ROR2 Das CRISPR-Aktivierungsplasmid (h) ist ein aus drei Plasmiden bestehendes synergistisches Aktivierungsmediator-System (SAM), das für eine hocheffiziente, ortsspezifische transkriptionelle Hochregulation des ROR2-Lokus in menschlichen Zelllinien entwickelt wurde. Das System basiert auf einem katalytisch inaktiven Cas9 (dCas9), das zwei inaktivierende Mutationen (D10A und N863A) trägt, welche die Nukleaseaktivität eliminieren, während die DNA-Bindung erhalten bleibt. Dieses dCas9 ist mit VP64, einem potenten Transkriptionsaktivator, fusioniert und wird zusammen mit einem Blasticidin-Resistenzgen zur Selektion koexprimiert. Das zweite Plasmid kodiert das MS2-p65-HSF1-Fusionsprotein, einen sekundären Aktivatorkomplex, der zusammen mit dCas9-VP64 wirkt, sowie ein Hygromycin-Resistenzgen. Das dritte Plasmid kodiert für eine zielspezifische 20-nt-sgRNA, die an zwei MS2-RNA-Aptamere fusioniert ist, welche den MS2-p65-HSF1-Komplex an die Aktivierungsstelle rekrutieren, begleitet von einem Puromycin-Resistenzgen. Die drei Plasmide werden im Massenverhältnis 1:1:1 verabreicht, um eine ausgewogene Expression aller Systemkomponenten zu gewährleisten.
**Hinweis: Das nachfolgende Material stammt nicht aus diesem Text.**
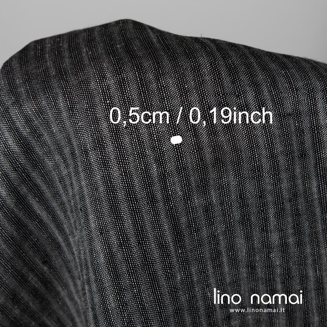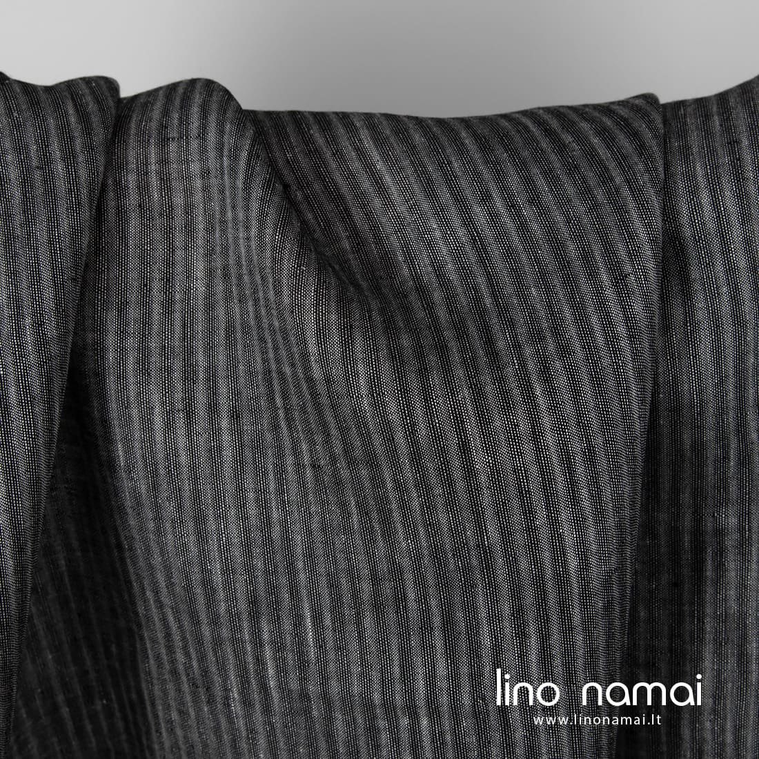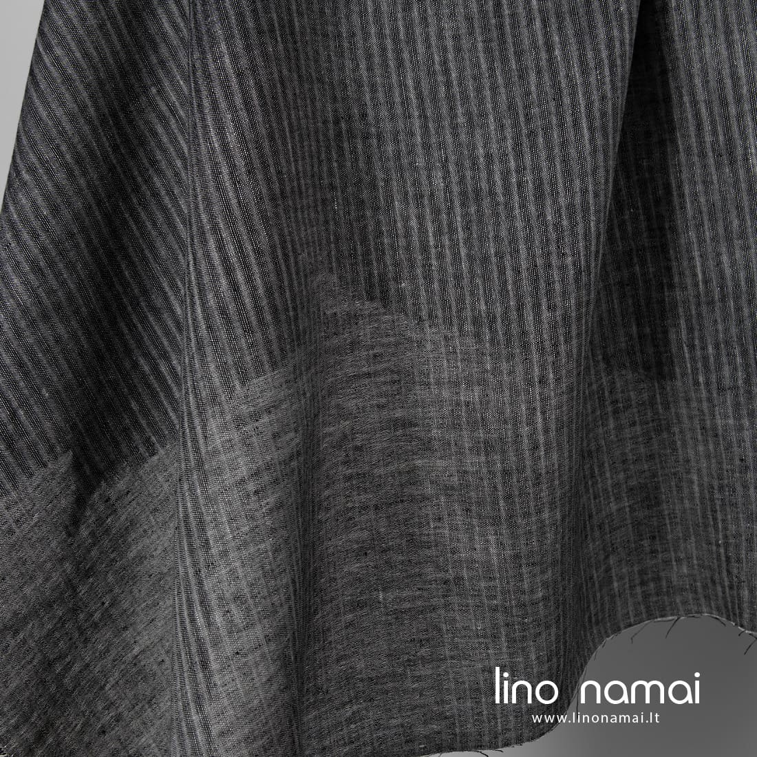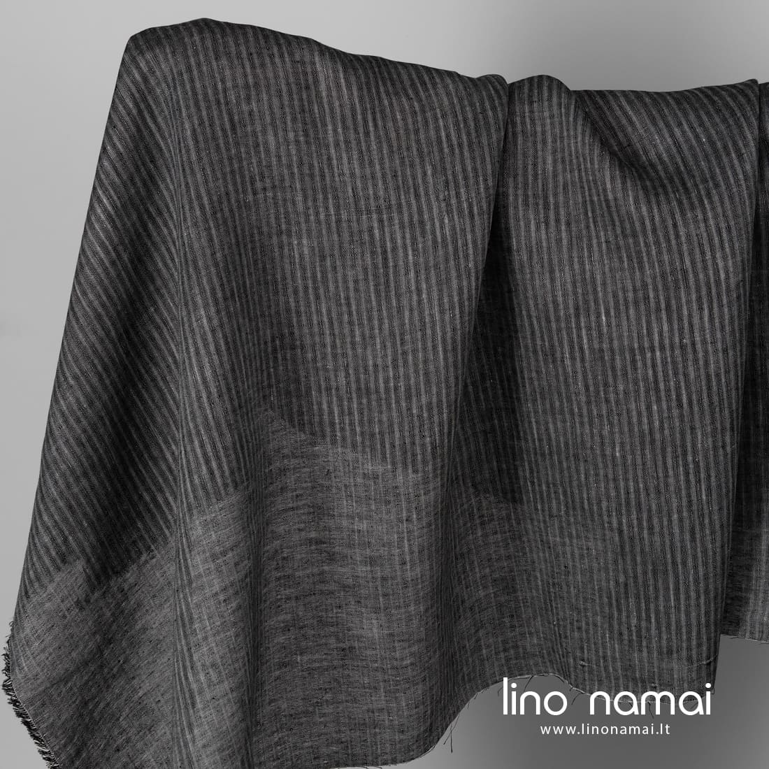 Lininis audinys vertikaliais juodais dryžiais išaustas derinant juodus verpalus su baltais. Šis linas lengvas, šiek tiek permatomas.

Nach der Assemblierung am Zielort bindet der SAM-Komplex etwa 200 bp stromaufwärts der ROR2-Transkriptionsstartstelle, wo VP64, p65 und HSF1 gemeinsam die Transkriptionsmaschinerie rekrutieren und die Hochregulation der endogenen ROR2-Expression vorantreiben. Im Gegensatz zu nukleaseaktivem Cas9 verursacht dCas9 keine Doppelstrangbrüche und verändert die genomische Sequenz nicht, wodurch der native ROR2-Locus erhalten bleibt und die Untersuchung von ROR2-abhängigen Transkriptionsreaktionen am endogenen Locus ermöglicht wird. Dies macht es zu einem wertvollen Werkzeug für Funktionsstudien, die Identifizierung von Zielgenen und die Modellierung der Wiederherstellung des ROR2-Signalwegs in Tumorzellen mit stillgelegtem oder reduziertem ROR2-Ausdruck.
Nur für Forschungszwecke. Nicht für diagnostische oder therapeutische Zwecke bestimmt.